Here we apply the trace ‘trick’ from the first identity above. Since $\textsf{d}\phi$ is a scalar, $\textsf{d}\phi(W) = \operatorname{tr}(\textsf{d}\phi(W))$. Applying the trace on both sides we have:

\[\textsf{d}\phi(W) = \operatorname{tr}(\textsf{D}\mathcal L(W\mathbf x+\mathbf b) (\textsf{d}W)\mathbf x)\]

Now our objective is to bring the differential of the weights $\textsf{d}W$ to the rightmost position inside the trace, so that we can compare with $\eqref{eq:matrix_gradient_first_identification}$. Due to the cyclic property of the trace, we can just move $\mathbf x$ to the left:

\[\textsf{d}\phi(W) = \operatorname{tr}(\mathbf x\ \textsf{D}\mathcal L(W\mathbf x+\mathbf b) (\textsf{d}W))\]

We can now identify the matrix-shaped gradient of $\phi$. Notice that in $\eqref{eq:matrix_gradient_first_identification}$ the matrix $A$ is transposed, so we need to transpose the whole expression:

\[\frac{\partial \phi}{\partial W} = \textsf{D}\mathcal L(W\mathbf x+\mathbf b)^T \mathbf x^T = \nabla \mathcal L(W\mathbf x+\mathbf b)\ \mathbf x^T\]

Note that $(\textsf{D}\mathcal L)^T=\nabla \mathcal L$. The result is therefore the outer product between the gradient of the loss and the input vector $\mathbf x$.

We could stop here, but let us see how to obtain the same result using the Jacobian instead of the differential.

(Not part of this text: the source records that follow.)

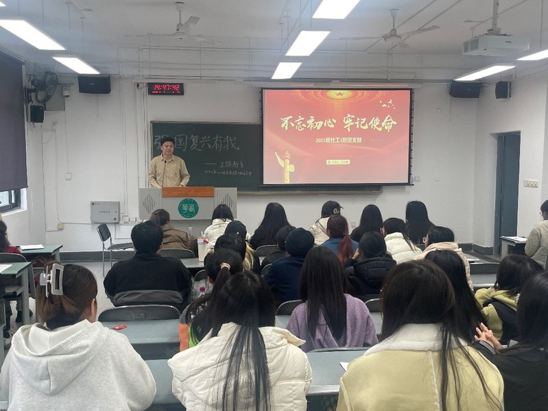 12月7日下午,四川省团省委社会联络部向治东老师来我校参加法学与社会学学院2021级社会工作一班团支部“请党放心,强国有我”主题教育活动并指导基层团组织团员和青年主题教育工作。学院团委指导老师范锡林、2021级社会工作一班团支部全体成员参加了此次活动。本次活动由团支书兰秋曦主持。
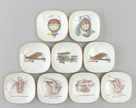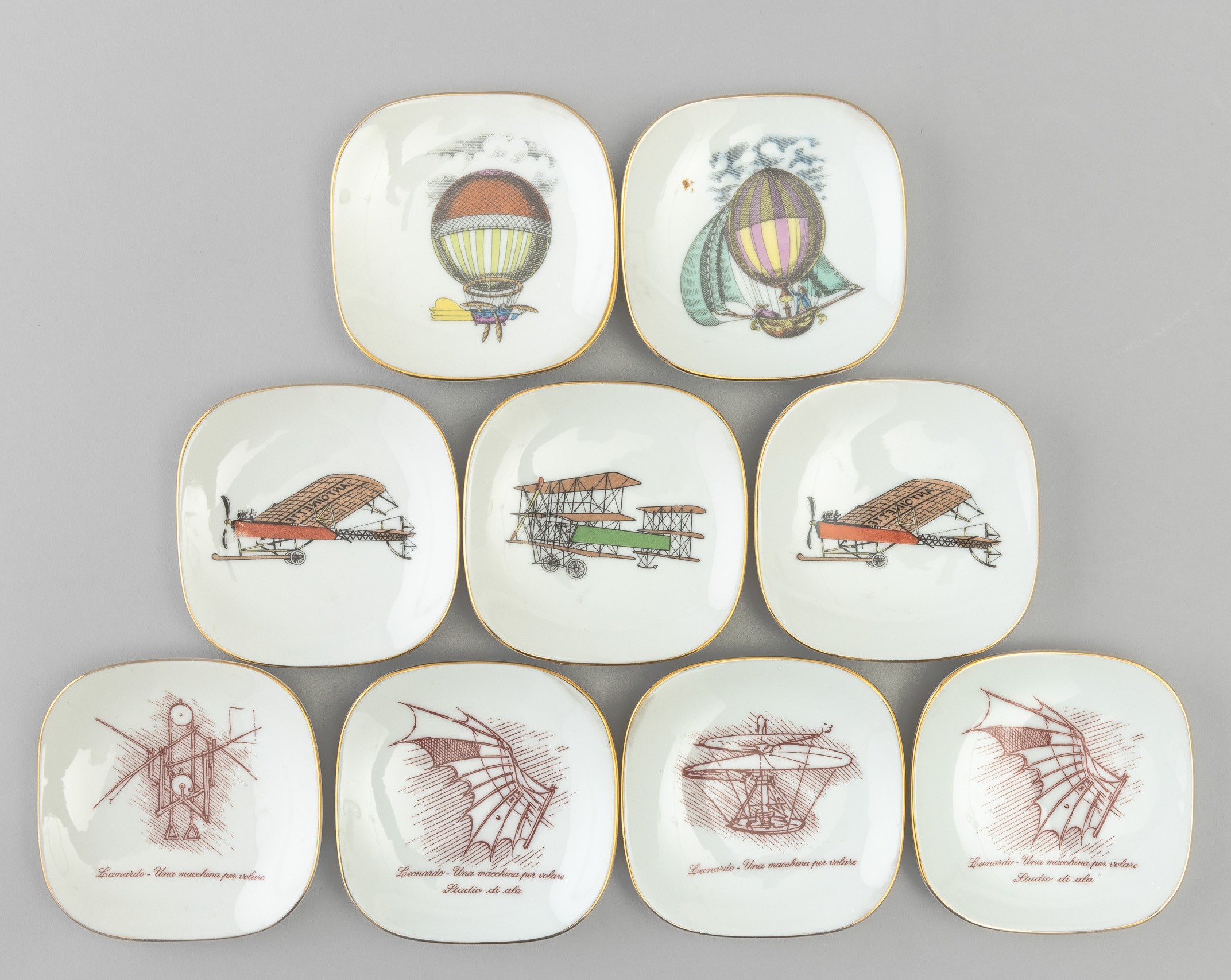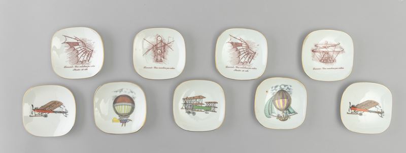 Lotto formato da nove piattini in porcellana con decoro policromo e bordo oro.
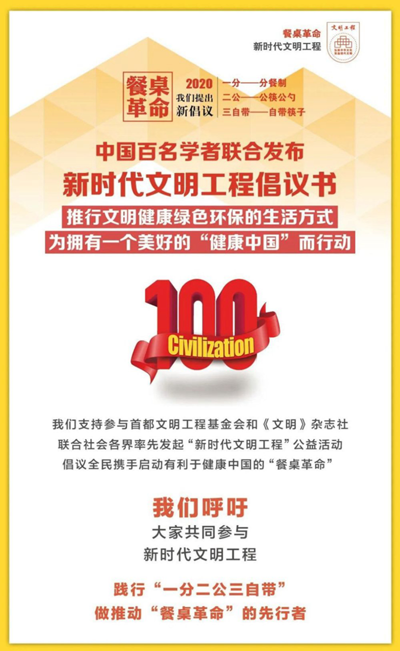 大家一起攜手一起參與一起支持,讓新時(shí)代文明工程餐桌革命助力“健康中國”!
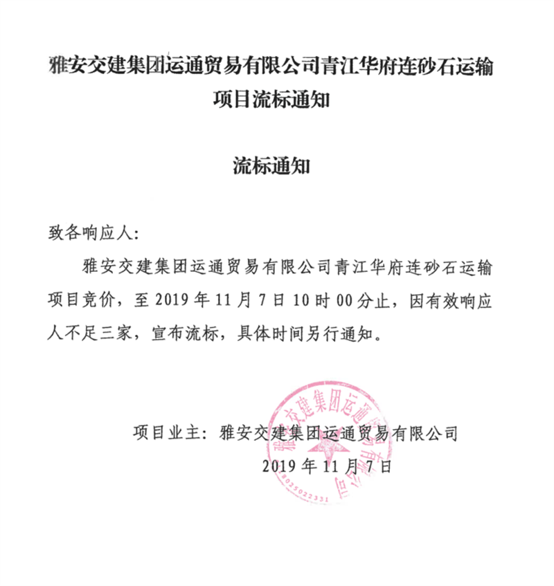 雅安交建集團運通貿(mào)易有限公司青江華府砂石運輸項目流標通知
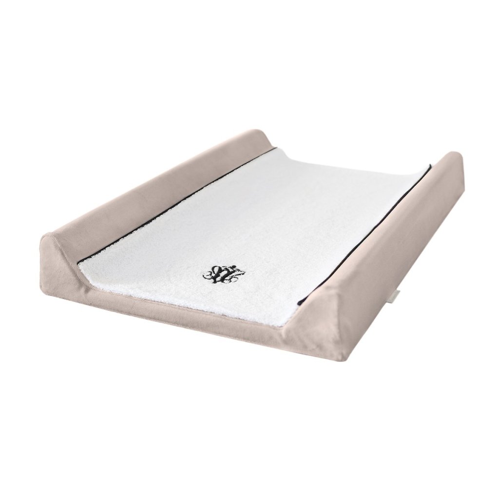 Poťah na prebaľovaciu podložku. Látka z kolekcie Modern Classic.Vyrobená z bieleho froté, zdobená čiernou lemovkou a výšivkou.
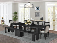 LUXE BY EAST WEST FURNITURE - X07MZ-B06-06– 9 -PIECE DINING ROOM TABLE SETExperience the unmatched elegance of Luxe by East West Furniture, our exclusive premium furniture brand. Explore Luxe and discover the 9-piece Extendable Dining table set, which includes a expandable dining table, wooden bench, and 7 upholstered dining chairs. The upholstered dining chairs provide added comfort to any dining room, featuring a Wire Brushed Black tabletop and chic shitake Linen Fabric upholstery. These dining chairs boast a stylish wire brushed black finish, crafted from high-quality Acacia wood, ensuring excellent load-bearing capacity and stability. The modern kitchen chairs prioritize comfort with Linen Fabric seats and slatted backs. Plus, a transformer table allows effortless size adjustments to meet varying needs. All accessories come conveniently packaged in a carton with easy-to-follow instructions for swift chair installation. Maintain their pristine condition by wiping the chairs clean before use. Experience Luxe by East West Furniture's sophistication today.PRODUCT FEATURES: Material: Acacia Wood Frame Color: Shitake Table and Bench top color: Wire Brushed Black Chair Legs Color: Wire Brushed Black Chair Back Style: Padded Chair Table Dimension: Length: 120/19; Width: 39; Height: 30. Chair Dimension: Length: 19.5; Width: 17; Height: 36.8. Bench Dimension: Length: 131/29; Width: 15; Height: 18.Included packages: A rectangular table and 7 kitchen chairs, a wooden bench
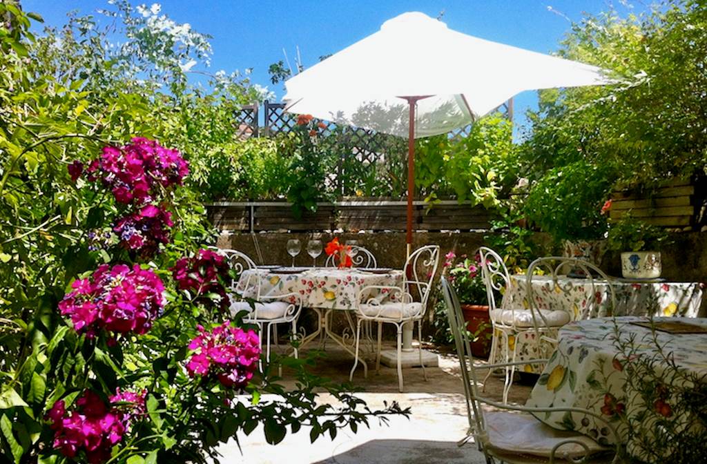 La terraza llena de flores para cenar y desayunar – © Corinne de Royer
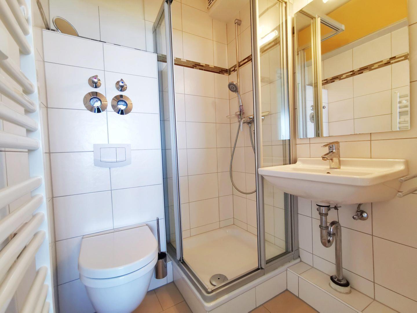 Das moderne Badezimmer ist mit Dusche und WC ausgestattet. Für zusätzlichen Komfort sorgen ein Fahrstuhl im Haus sowie ein kostenfreier WLAN-Zugang in der Wohnung.

We use the chain rule as in $\eqref{eq:chain_rule}$ and the identity for the Jacobian of a matrix multiplication found earlier $\eqref{eq:jacobian_matrix_multiplication}$:

\[\textsf{D}\phi=\textsf{D}\mathcal L(W\mathbf x+\mathbf b)\ \textsf{D}(W\mathbf x+\mathbf b)=\textsf{D}\mathcal L(W\mathbf x+\mathbf b) (\mathbf x^T \otimes I)\]

If we transpose both sides, we can use the property $\eqref{eq:kronecker_vec}$ (in the ‘reverse’ direction compared to before) to replace the Kronecker product with a vectorized matrix product:

\[(\textsf{D}\phi)^T=(\mathbf x \otimes I)\left(\textsf{D}\mathcal L(W\mathbf x+\mathbf b)\right)^T=\mathrm{vec}(\left(\textsf{D}\mathcal L(W\mathbf x+\mathbf b)\right)^T \mathbf x^T)\]

Now we can compare with $\eqref{eq:matrix_gradient_second_identification}$ and identify the matrix-shaped gradient, which matches the result we obtained using the differential.